Recent studies show that 20.4% of the internet traffic originates from automated agents. To identify and block such ill-intentioned traffic, mechanisms that verify the humanness of the user are widely deployed, with CAPTCHAs being the most popular. Traditional CAPTCHAs require extra user effort (e.g., solving mathematical puzzles), which can severely downgrade the end-user's experience, especially on mobile, and provide sporadic humanness verification of questionable accuracy. More recent solutions like Google's reCAPTCHA v3, leverage user data, thus raising significant privacy concerns. To address these issues, we present zkSENSE: the first zero-knowledge proof-based humanness attestation system for mobile devices. zkSENSE moves the human attestation to the edge: onto the user's very own device, where humanness of the user is assessed in a privacy-preserving and seamless manner. zkSENSE achieves this by classifying motion sensor outputs of the mobile device, based on a model trained by using both publicly available sensor data and data collected from a small group of volunteers. To ensure the integrity of the process, the classification result is enclosed in a zero-knowledge proof of humanness that can be safely shared with a remote server. We implement zkSENSE as an Android service to demonstrate its effectiveness and practicality. In our evaluation, we show that zkSENSE successfully verifies the humanness of a user across a variety of attacking scenarios and demonstrates 92% accuracy. On a two years old Samsung S9, zkSENSE's attestation takes around 3 seconds (when visual CAPTCHAs need 9.8 seconds) and consumes a negligible amount of battery.
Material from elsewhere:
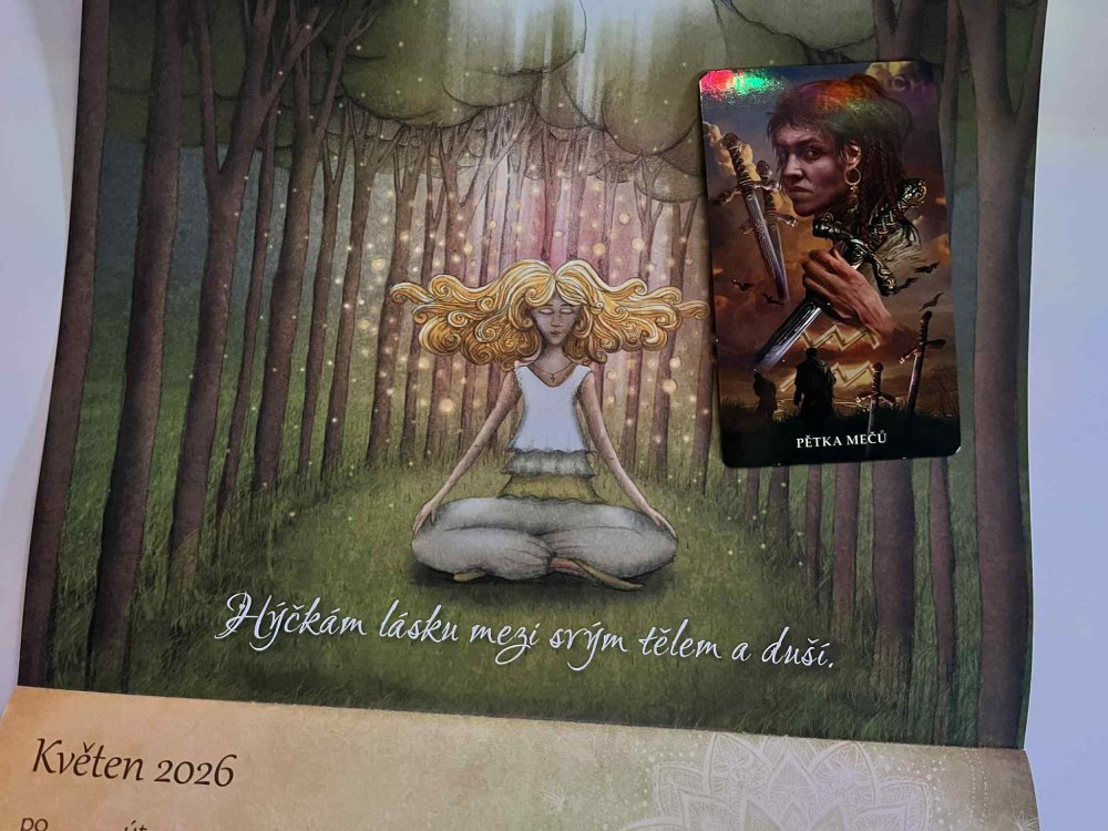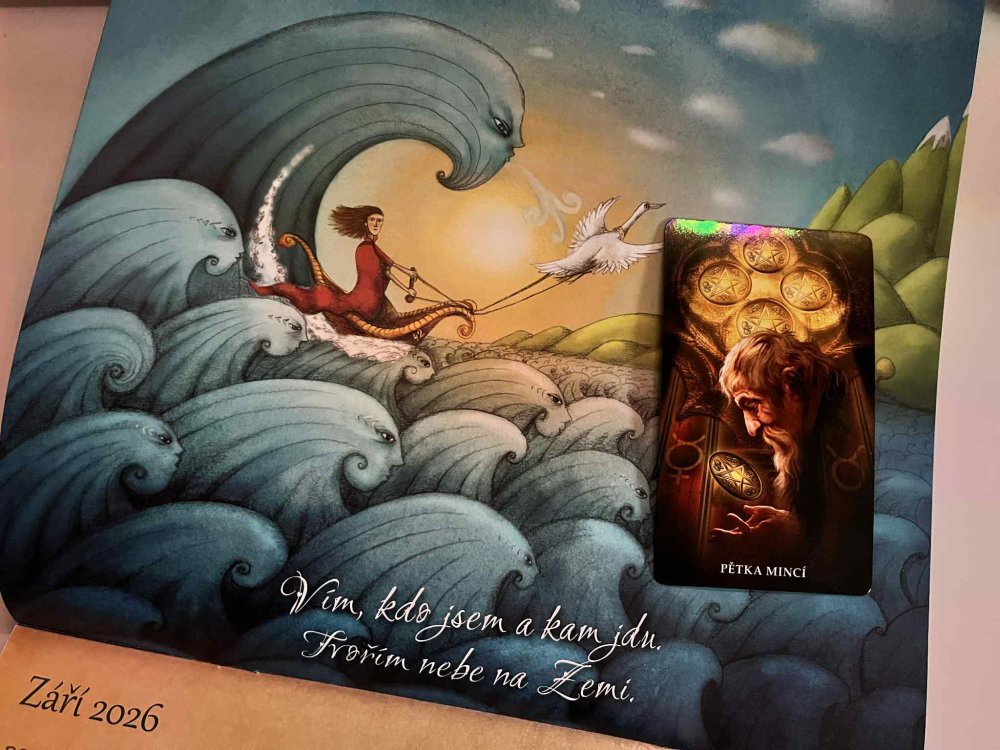 Kalendář Miluj svůj život 2026 je tady. My si přidáme ještě kartičku! 18. 09. 2025 Rok 2026 Kolo štěstí v akci jako ROČNÍ KARTA Krajina, před kterou sedí dívka je plná ptáků, vodopádů a lesů, je zcela evidentně fascinující. Dívá se, vnímá a pozoruje. Rok 2026 může být právě takový. Jako scéna ve filmu, v divadle. Výjev obklopuje duha jako symbol štěstí. Součet čísel roku nám dává 10, tedy jedničkový rok. Nové začátky, přímý směr. Naprostá změna stagnujících energií. Kolo štěstí jako přiložená karta to potvrzuje. Celý rok bude o pohybu věcí k lepšímu. K něčemu, nač se můžeme chvějivě těšit. LEDEN: „Buduji své sebevědomí krůčky z bezpečí“ Ta situace je nepatřičná a byť mne to stresuje, potřebuji se z ní dostat. Tak by se dal nazvat pocit, který má muž na kartě. Trojka mečů zní dramaticky, v kontextu muže vcházejícího do úlevné nadějné krajiny je ale poselství jasné. V lednu za cenu nepohodlí, stresu a bolesti odhodíme dramata minulosti a začneme budovat nové bezpečí. Testovat nové kroky, žít svobodněji a s vidinou naděje. ÚNOR: „Pečuji o své tělo a duši“ Duha nad hlavou chlapce v kádi s mydlinami symbolizuje možná celé roční téma. Dotek štěstí. Když se do toho opřeme, vydrbeme tělo, duši dočista, tak se na nás usměje duha, štěstí, rok se posune správným směrem. Páže mečů z tarotu taky ví, kudy se dát. Ještě se bojí, je sotva vycvičené a poprvé jde do akce. Minimálně budeme mít cestu naplánovanou. Někdo už po ní odvážně půjde. Žabka u kádě chytá do tlamky osvěžující kapky vody. Chytejte život, příležitosti! BŘEZEN: „Jsem pozitivní za všech okolností“ Sedící žena v klidu slepuje rozbité džbánky. Ze starého tvoří nové. Vidí, co cenného nechce vyhodit, co chce opravit. Náš březen může být o usmiřování a probouzení dobra v sobě i druhých. Císař tomu všemu dodává realistický podklad. Snad k nám doputuje to, co je třeba vyhladit láskou a pochopením. Poté se to odvděčí pocitem síly, zázemí a volným nadechnutím se ve světě. Císařova kamenná maska praská, jeho síla, jeho rozhodnutí mění životy, změkčuje jistou naši životní oblast. DUBEN: „Dělám vše s nadšením a láskou“ Pro cokoliv se rozhodnu, chci si maximálně užít. Když své srdce pustíme do světa, když ho budeme žít, tak nás i karta Smrt pustí do života. Máme propouštět negativní a vnímat pozitivní. Tahle karta to mohutně podporuje. Čím víc se rozhodneme žít, tím dál bude minulost nebo to, co nám ve skutečnosti vždy bralo energii. Co patří minulosti, jasně uvidíme. Co patří budoucnosti, bude žít. Pečujte o své zdroje, radost, nadšení, žijte! KVĚTEN: „Hýčkám lásku mezi svým tělem a duší“ Meditující žena je pod ochranou svých andělů, hýčká se. Naslouchá andělům. Možná se jí dostane konkrétního daru od osudu. Karta napovídá jakého. Pamatujete si na chvíle, kdy jste měli pocit, že jste v životě vše prohráli? Nyní se vám ztracené vrátí. Boje, dramata odejdou. Zlé bylo pro něco dobré. Nepouštějte se do zbytečných žabomyších válek. Tvořte vlastní rituály. Svět dává smysl, život dává smysl víc než kdy dřív. ČERVEN: „Pečuji o své talenty a stávám se mistrem“ Žena zalévá květiny. Kvetou. Náš život bude v červnu také kvést a nejspíše tu bude i něco, v čem budeme mistři. Dojde nám, že tady je naše místo. Náš svět. Všechno nové bude dobrým začátkem dalšího! Přímý směr naplno podporuje Blázen. Klidně pěstujte i neznámé sazeničky, zkoušejte nové, kořínky se uchytí. Úspěšný měsíc, kdy i sklizené ovoce poskytne prvotní investici do něčeho zcela nového. ČERVENEC: „Tvořím své vize s nadšením a nelpím na nich“ Je čas hodit kostkou. Vhodit něco životu všanc. Vize a představivost nás mohou přivést k nejednomu úspěchu nebo zcela nové životní cestě. Tohle je jen začátek. Karta Svět je o přerodu jednoho v druhé. Vylíhnutý motýl z kukly je v úžasu, co všechno umí. Využijte to, co máte, co umíte a věnujte to své budoucnosti. Nechte ji samotnou, ať vám určí, v čem máte pokračovat. Zvelebujte sebe i svět kolem sebe. SRPEN: „ Miluji sebe, abych mohla milovat ostatní“ Most mezi mužem a ženou. Mosty mezi světy, lidmi a tématy. Čas přeje komunikaci, vnímání, každodennímu probouzení laskavosti. Každý jsme jiný, vidíte tu krásu ostatních lidí? Také Páže mečů na přiložené kartě mazlí svou lišku. Bude srpen měsícem mazlení se se životem? Vše zraje, začíná zrát, vypadá to, že žraloci, kteří pod dvěma ostrovy srdce na obrázku, budou moci zůstat v klidu. Drama se nekoná. Želva na Pážeti mincí proplouvající na kartě je o pomalosti… nespěchejte na sebe, na lidi kolem. ZÁŘÍ: „Vím, kdo jsem a kam jdu. Tvořím nebe na Zemi“ Směr je jasný. Žena na lodi je tažena labutí pod ochranou vlny a větru. Má směr, ví, jaká budoucnost ji čeká, vnímá smysl života. V talentech a souladu nepocítíme únavu. Pokud budeme na scestí, asi nás únava dostihne. Ale karta Pětky mincí, chudobné a zoufalé, je také o pomoci zvenčí. O tom, že možná nám někdo ten smysl života ukáže a otře slzu. Že my sami budeme těmi, kdož někomu ukáží cestu. Mezilidská setkání mohou mít nyní obzvláštní sílu. ŘÍJEN: „Ctím sebe a morální hodnoty“ Neznevažujte se, jděte za svým morálním kompasem. Možná vlastní temnota bude tím, co nám nyní ukáže cestu k dobru. Také karta Ďábla to potvrzuje. Se stíny se možná setkáme, ostatně bude halloweenský čas. Mají nás ale nasměrovat k úlevě, dobrotě a osvobodit nás od nevhodného. Hledejte důvěru, ticho, bezpečí, dobré zdroje kolem sebe. Vyhněte s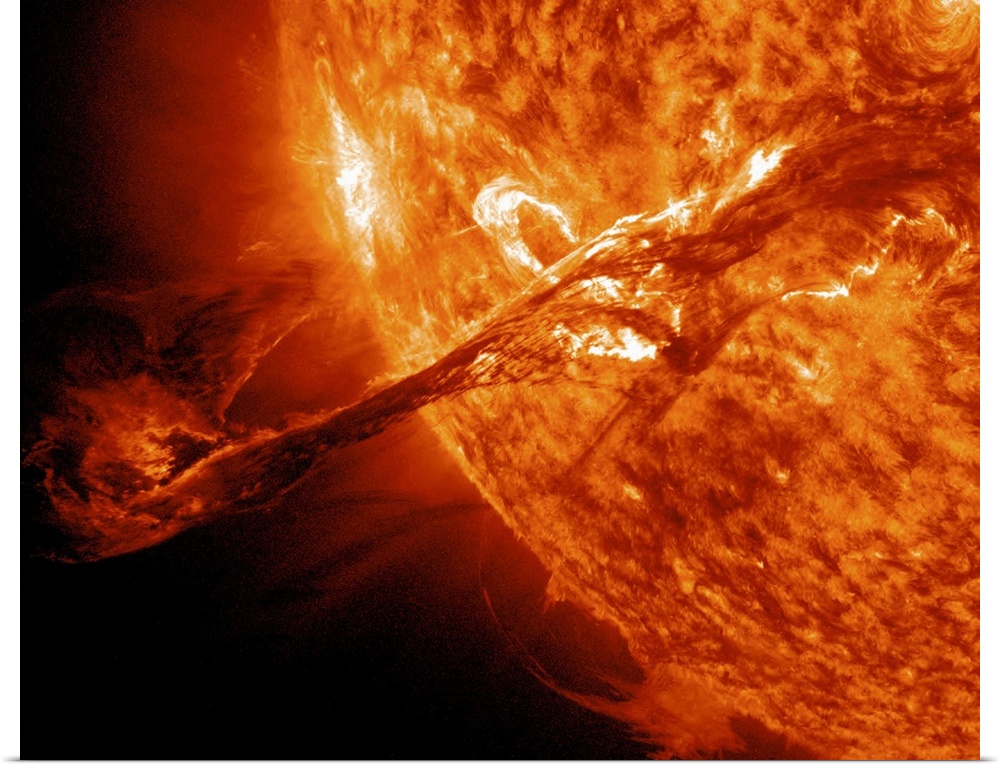 <p>Solar flare, SDO (Solar Dynamics Observatory) ultraviolet (UV) satellite image showing a solar flare and coronal mass ejection (CME) erupting from the surface of the Sun on 31st August 2012. The CME traveled at over 900 miles per second. It did not travel directly toward Earth, but did connect with Earth's magnetic environment, or magnetosphere, causing aurora to appear on the night of Monday, September 3rd, 2012.</p>

Matteo Varvello, Iñigo Querejeta Azurmendi, Antonio Nappa et al.

Distributed Virtual Private Networks (dVPNs) are new VPN solutions aiming to solve the trust-privacy concern of a VPN's central authority by leveraging a distributed architecture. In this paper, we first review the existing dVPN ecosystem and debate on its privacy requirements. Then, we present VPN0, a dVPN with strong privacy guarantees and minimal performance impact on its users. VPN0 guarantees that a dVPN node only carries traffic it has "whitelisted", without revealing its whitelist or knowing the traffic it tunnels. This is achieved via three main innovations. First, an attestation mechanism which leverages TLS to certify a user visit to a specific domain. Second, a zero knowledge proof to certify that some incoming traffic is authorized, e.g., falls in a node's whitelist, without disclosing the target domain. Third, a dynamic chain of VPN tunnels to both increase privacy and guarantee service continuation while traffic certification is in place. The paper demonstrates VPN0 functioning when integrated with several production systems, namely BitTorrent DHT and ProtonVPN.